De l’Andalousie à Kyoto : quand la densité bâtie est une réponse au climat

Patterns
Publié le 29/04/26
Mis à jour le 29/04/26
3min de lecture
De l’Andalousie à Kyoto : quand la densité bâtie est une réponse au climat
Arbujol | flickr.com

Le tsuboniwa de la maison Yoshida (吉田家), kyomachiya emblématique de Kyoto, Japon

Au Japon, les machiya — maisons de ville traditionnelles des centres urbains denses — comportent des cours intérieures de quelques mètres carrés, appelées tsuboniwa ( jardin d’un tsubo , soit deux tatamis). Au sud de l’Espagne, les patios andalous couvrent parfois plusieurs dizaines de mètres carrés au cœur de l’îlot. Mais ce n’est pas la surface qui les sépare, c’est la physique : à climat différent, mécanisme de fraîcheur différent.

En Andalousie, les étés sont chauds et secs. La nuit, les surfaces chauffées en journée — sol, façades, toits — restituent leur chaleur vers le ciel par rayonnement infrarouge. L’air sec laisse passer ce rayonnement : la chaleur quitte la ville. L’air refroidi, plus dense, descend au sol et le patio andalou, par sa géométrie close, le capte et le stocke.

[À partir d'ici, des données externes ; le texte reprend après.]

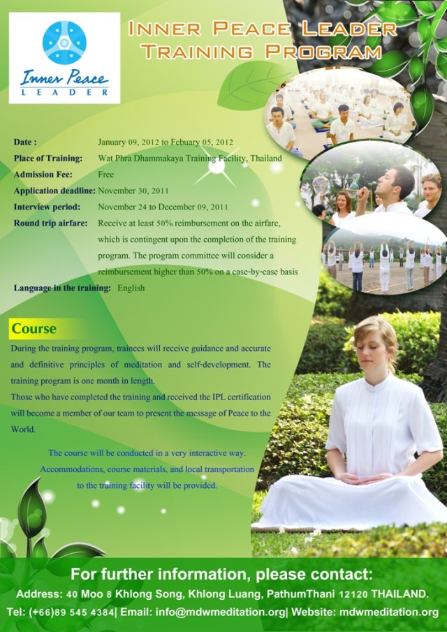Inner Peace Leader Training Program #1 will be held from 9th January – 5th February 2012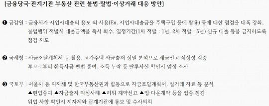 특히, 금융위·국토부·국세청·서울시·금감원 등 관계기관은 향후 공조 강화를 통해 부동산 관련 불법·탈법·이상거래 등에 대한 대응에 만전을 기하기로 했다.

Trois éléments y concourent :

  • la masse — murs épais en pierre ou torchis, qui emmagasinent la fraîcheur la nuit et la restituent lentement le jour ;
  • l’auto-ombrage produit par les façades hautes, qui limite le rayonnement solaire direct au cœur de la cour ;
  • la géométrie close de la cour, qui retient l’air froid au sol comme un contenant retient un liquide.

Le résultat : la cour reste fraîche grâce à la fraîcheur nocturne stockée.

À Kyoto, les étés sont chauds et humides. La nuit, la chaleur accumulée en journée par la ville ne s’évacue pas — l’humidité atmosphérique bloque son rayonnement vers le ciel. La machiya ne peut donc pas s’appuyer sur le frais nocturne. Elle inverse la stratégie : au lieu de retenir l’air, elle le fait circuler.

Trois éléments y concourent aussi :

  • l’ossature légère — murs de bois et de papier, faible inertie : la maison ne stocke pas la chaleur diurne, elle la laisse passer ;
  • l’auto-ombrage des jardins par les façades hautes, qui maintient le sol à l’ombre et permet à l’arrosage du sol (uchimizu) de ne pas s’évaporer en pure perte ;
  • le tirage thermique vertical, où l’air chaud monte par l’atrium central (hibukuro) et appelle de l’air frais depuis les jardins au sol.

Le résultat : la maison reste fraîche grâce au mouvement d’air continu.

La machiya a été analysée en 1990 par Ishida et al.1, les patios andalous par Diz-Mellado et al.2. Mis en regard, ces travaux dégagent un enseignement clé : là où la nuit produit de la fraîcheur — climat sec —, la stratégie consiste à la stocker. Là où la nuit ne rafraîchit pas — climat humide —, la stratégie s’inverse : le bâti respire et fait circuler l’air frais en permanence du sol vers le ciel.

Deux climats, deux stratégies — un même principe : la forme bâtie n’est pas un style, c’est une réponse au climat, et la densité en est le levier.

C’est l’enjeu de la densification urbaine des décennies à venir : ne pas copier des formes, mais mobiliser ces principes pour faire de chaque bâtiment à construire un outil de confort climatique adapté à son contexte.


Notes, références et glossaire :

  1. L’étude pionnière sur le mécanisme thermique de la machiya, jamais traduite hors du Japon. Ishida, Tetsuro, Hisao Toda, Yuzuru Yamamoto, et Yutaka Hatakeyama. 1990.  開放系住居の夏の環境特性に関する研究  [Étude sur les caractéristiques environnementales estivales des habitations à système ouvert]. 日本建築学会計画系論文報告集 [Journal of Architecture, Planning and Environmental Engineering, AIJ] 408 : 23-32.
  2. L’étude mesurant le confort thermique de 20 cours méditerranéennes selon leur géométrie, sur deux ans de campagne de mesure dans quatre villes du sud de l’Espagne. Diz-Mellado, Eduardo, Marialena Nikolopoulou, Victoria Patricia López-Cabeza, Carlos Rivera-Gómez, et Carmen Galán-Marín. 2023.  Cross-Evaluation of Thermal Comfort in Semi-Outdoor Spaces According to Geometry in Southern Spain . Urban Climate 49, 101491.